TRY IT:
Give back all of the data exactly as it stands, with the pictures removed.

(INPUT DATA begins)

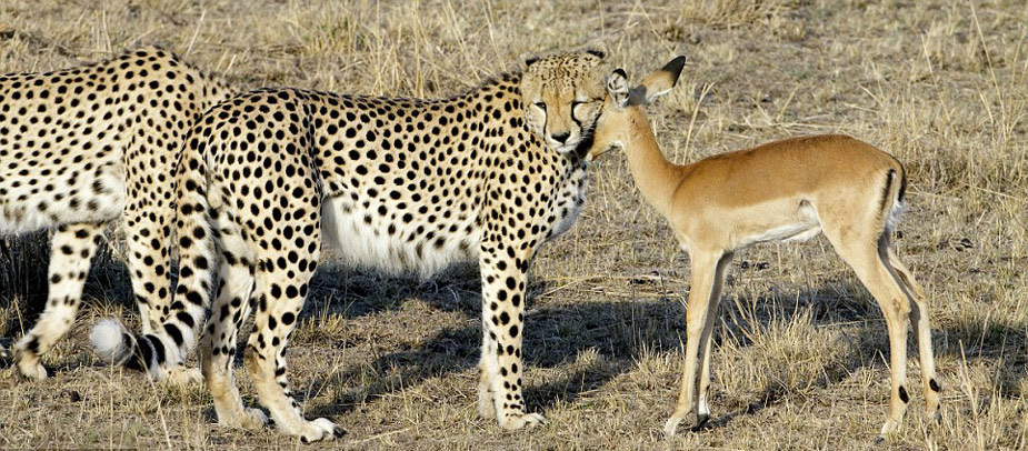 據英國媒體28日報道,一名在肯尼亞野生動物保護區拍照的攝影師拍到令人驚訝的畫面:三只獵豹與一只本是其獵物的小羚羊竟然和睦相處,共同嬉戲玩鬧,完全沒有危險“天敵”的概念。小羚羊最終毫發無傷地逃生成功。
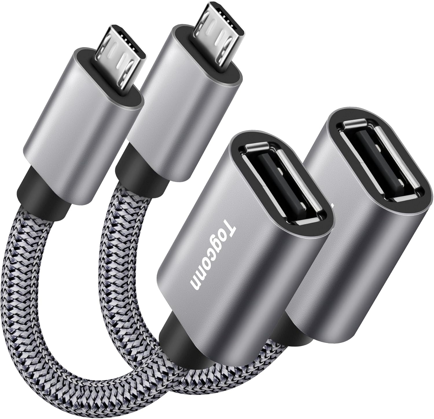 USB to Micro USB Adapter 2 Pack, Unidirectional Micro USB Male to USB Female 2.0 OTG On-The-Go Cable Converter, Nylon Braided, Aluminum Shells for S7 LG, Flash Drive, Mouse, Keyboard, Game Controller
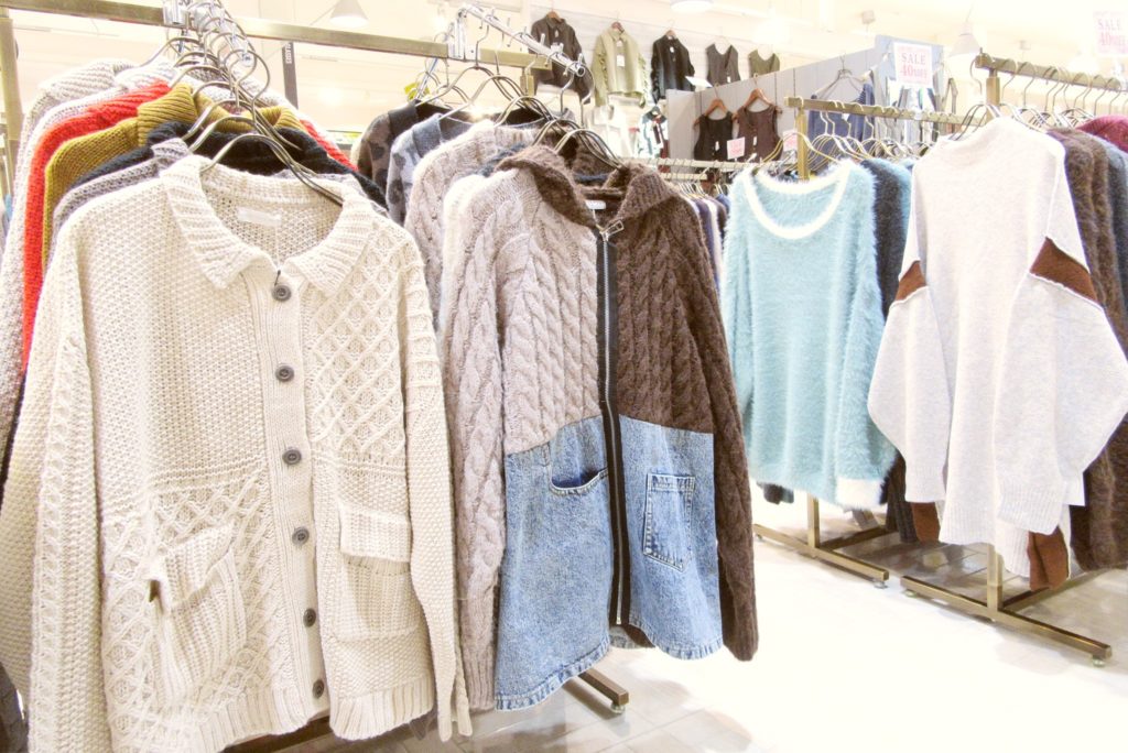 暖かなセーターやカーディガンなど、冬物衣料を色々と取り揃えております✨

(INPUT DATA ends)

TASK ANSWER:
 據英國媒體28日報道,一名在肯尼亞野生動物保護區拍照的攝影師拍到令人驚訝的畫面:三只獵豹與一只本是其獵物的小羚羊竟然和睦相處,共同嬉戲玩鬧,完全沒有危險“天敵”的概念。小羚羊最終毫發無傷地逃生成功。
 USB to Micro USB Adapter 2 Pack, Unidirectional Micro USB Male to USB Female 2.0 OTG On-The-Go Cable Converter, Nylon Braided, Aluminum Shells for S7 LG, Flash Drive, Mouse, Keyboard, Game Controller
 暖かなセーターやカーディガンなど、冬物衣料を色々と取り揃えております✨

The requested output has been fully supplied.